Lakeville Hospital, also known as the Lakeville State Sanatorium, was a state-operated sanatorium in Lakeville, Massachusetts. The sanatorium opened its doors in 1910 for the treatment of those with tuberculosis. In the 1950s, following a decline in the number of tuberculosis cases, the sanatorium began treating patients with other crippling conditions. In 1963, the Lakeville State Sanatorium was renamed the Lakeville Hospital. Pursuant to recommendation by the Special Commission for the study of the Consolidation of State Facilities, the hospital was closed in 1993. The hospital and surrounding area is secured to prevent unauthorized entry.
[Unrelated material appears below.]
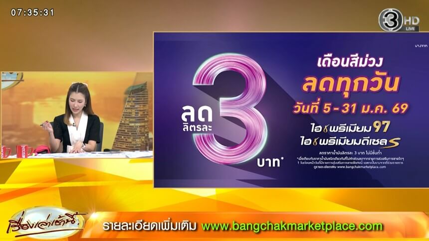 เมื่อเติมน้ำมันบางจากไฮพรีเมียม 97 หรือบางจากไฮพรีเมียมดีเซล S ลดลิตรละ 3 บาท ไม่มีขั้นต่ำ ตั้งแต่วันที่ 5-31 มกราคม 2569 ลดทั้งเดือน * เมื่อเทียบกับราคาน้ำมันชนิดเดียวกันที่ไม่หักส่วนลดจากรายการส่งเสริมการขายใด ๆ 1 วันก่อนหน้าวันที่มีรายการส่งเสริมการขายพิเศษนี้ในแต่ละคราว

== Ownership by National Development ==
In 2002, the 73-acre hospital site, valued at $5.1 million, was purchased at auction. The owner planned and acquired permits for a large-scale mixed-use development which would include a Stop & Shop, Target, Chili's Restaurant, 100-unit senior housing complex, and office park. The project was terminated when the development team experienced difficulties securing water and sewer service to the site. Lakeville currently receives $52,000 annually in real estate taxes from the unoccupied property.

== Proposed ownership by Sysco ==
In 2010 Sysco, one of the largest food service companies in the country, publicly expressed interest in relocating their Norton-based Massachusetts distribution center to Lakeville. The site of the former Lakeville Hospital was identified as a possible location, despite the fact the site was zoned for mixed-use and not industrial purposes.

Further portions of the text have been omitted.